Zu elongatus, or the taper-tail ribbonfish, is a species of ray-finned fish within the family Trachipteridae. The species distribution is poorly known, and while it likely lives in temperate and tropical waters of all oceans, but has only been encountered in the Atlantic Ocean- off the coasts of Namibia and the western Cape of South Africa- and in the Pacific Ocean off New Zealand. It inhabits mesopelagic waters up to 1200 m below sea level. Other common names for this species include "scalloped dealfish" and spitsstert-lintvis in Afrikaans.

== Biology ==
Zu elongatus grows to a length of 120 cm and has a silvery grey coloration with bars along the sides. The pelvic fins of adults are bright red. The dorsal fins lack spines but are composed of 142-147 soft rays. Juveniles are epipelagic, spending time near the surface, and have trailing, elongated dorsal and pelvic fins that mimic siphonophores and jellyfish. The diet of the species consists of crustaceans, small fish and squid. Eggs of Zu elongatus are large and free floating with a bright red coloration.
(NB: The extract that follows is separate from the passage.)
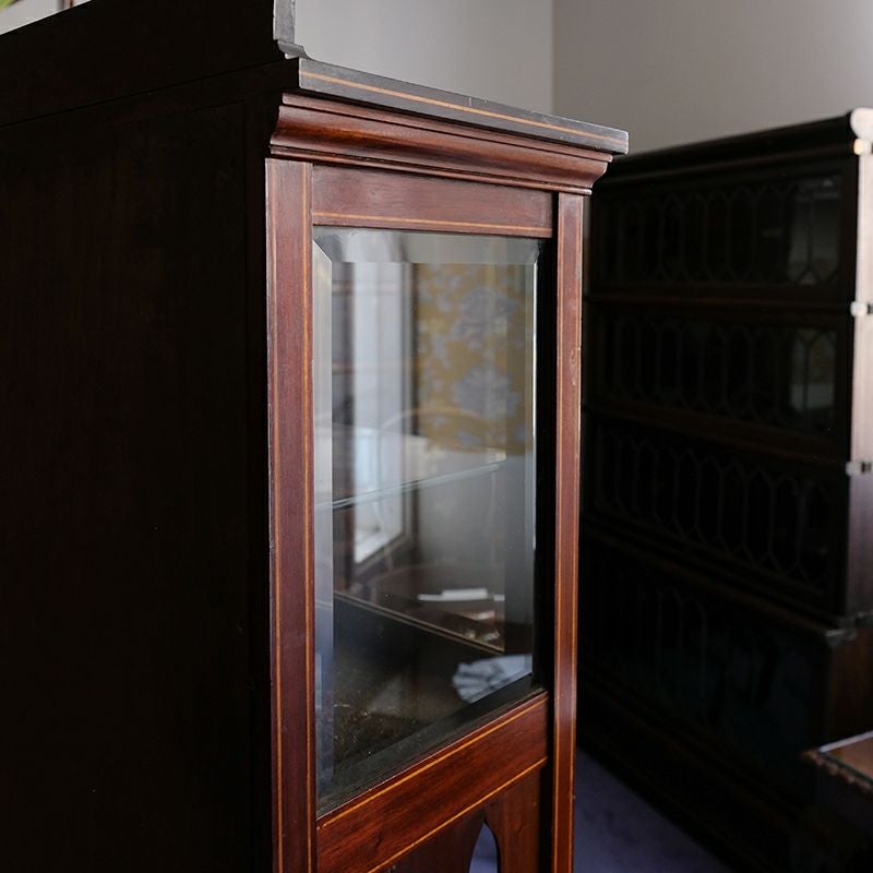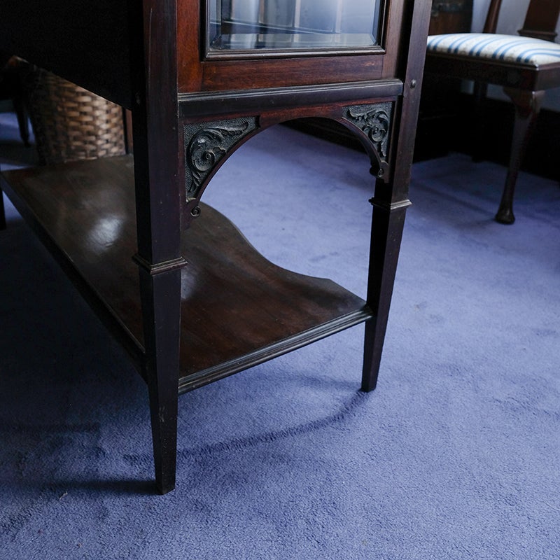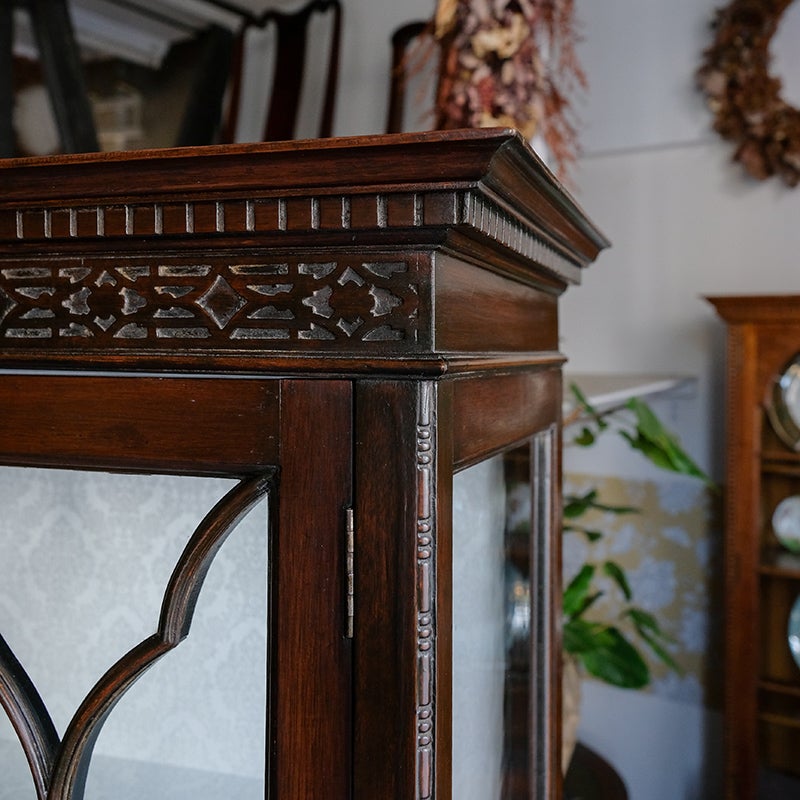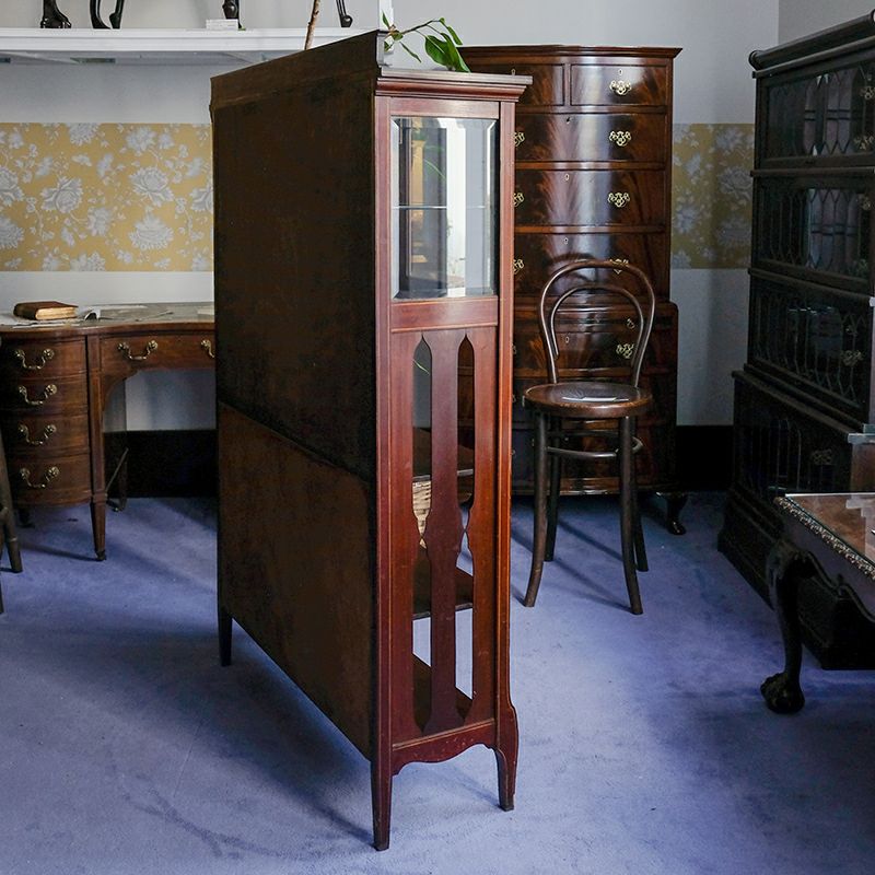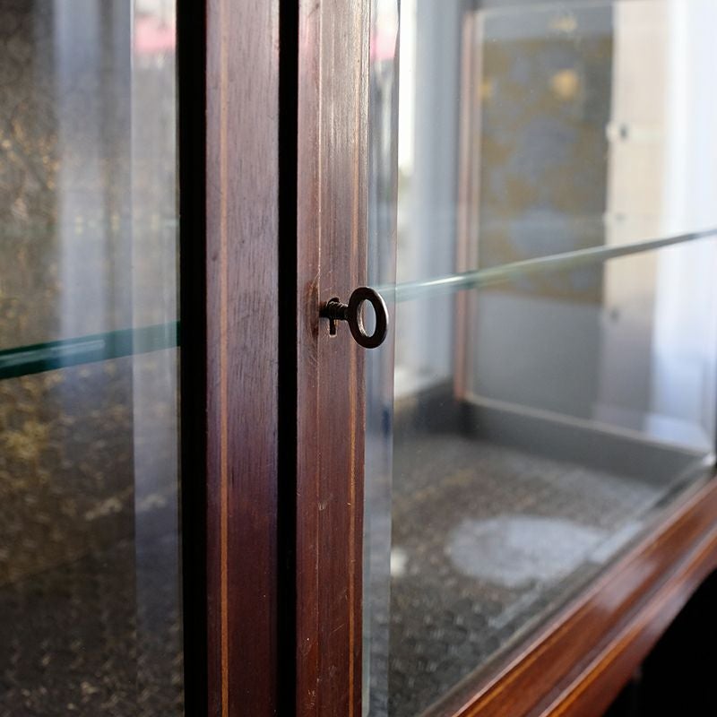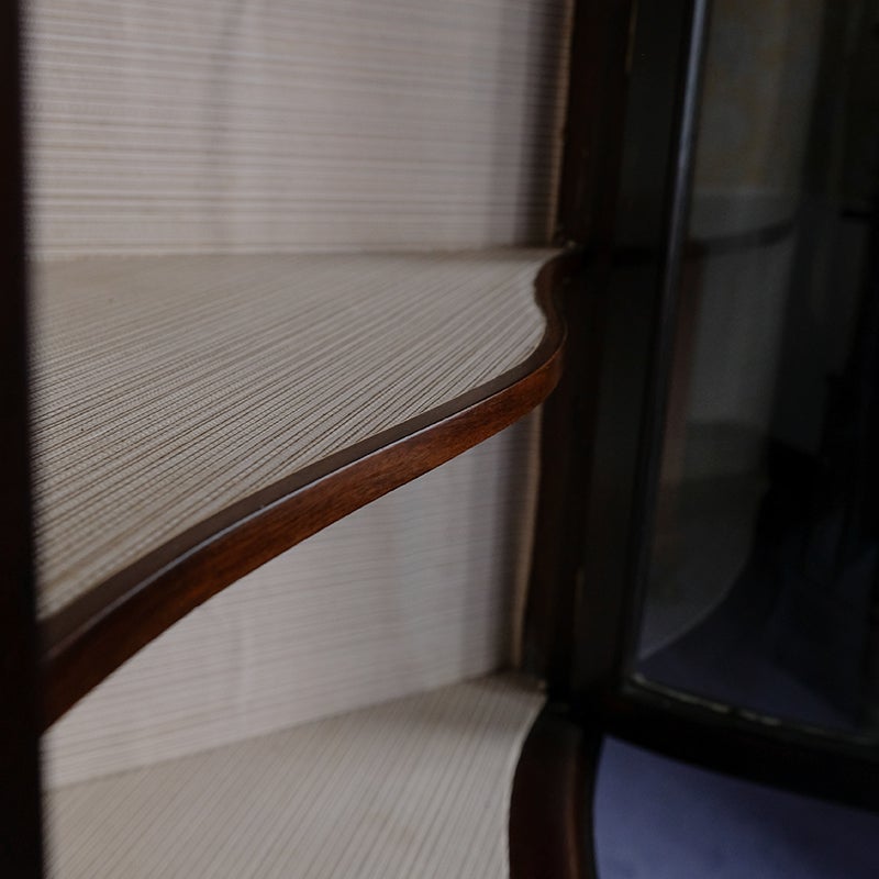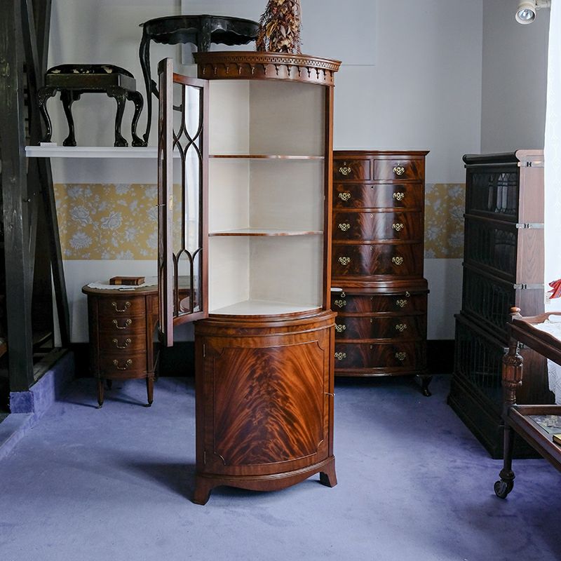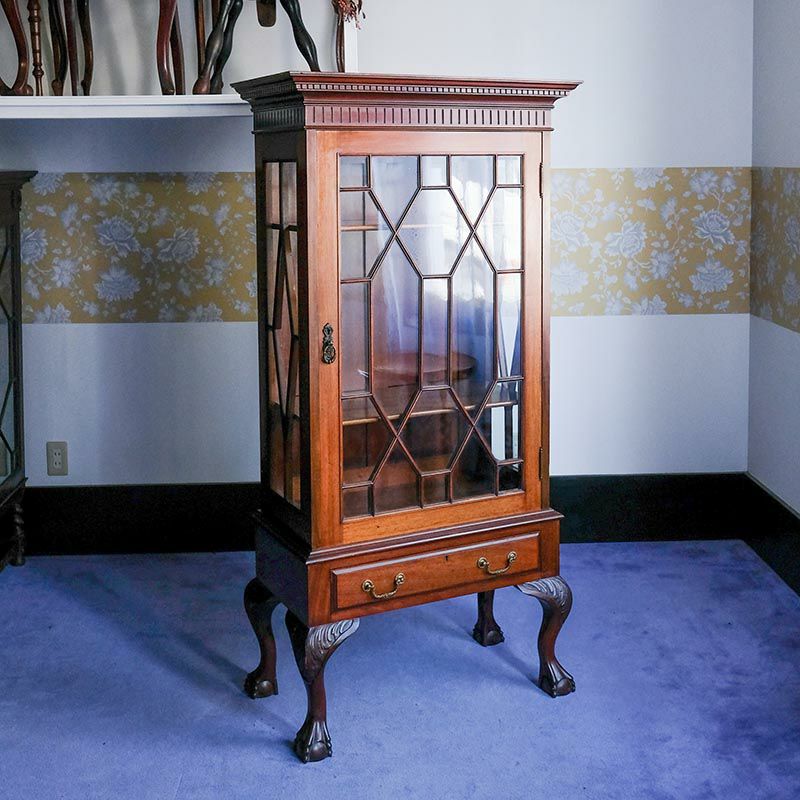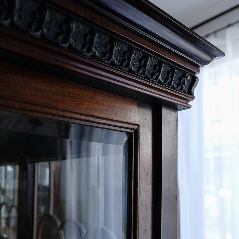 「キャビネット」は、カップボード、キッチンボード、ダイニングボード、サイドボード等の食器類を収納する家具やブックケースと異なり、コレクションを飾ることを目的とした構造からアンティークガラスが三面を飾ります。

When preserved in alcohol, the bodies of adults are generally tan in color, with a dark triangular area on the front of the head that extends onto the lips and the gular area. The posterior part of the dorsal fin and caudal fin are black, to the base of the latter is pale.

== Conservation ==
Zu elongatus has been classified as a 'Least concern' species by the IUCN Red List, as despite having little information about its population and ecology, there are no major threats to any of its populations.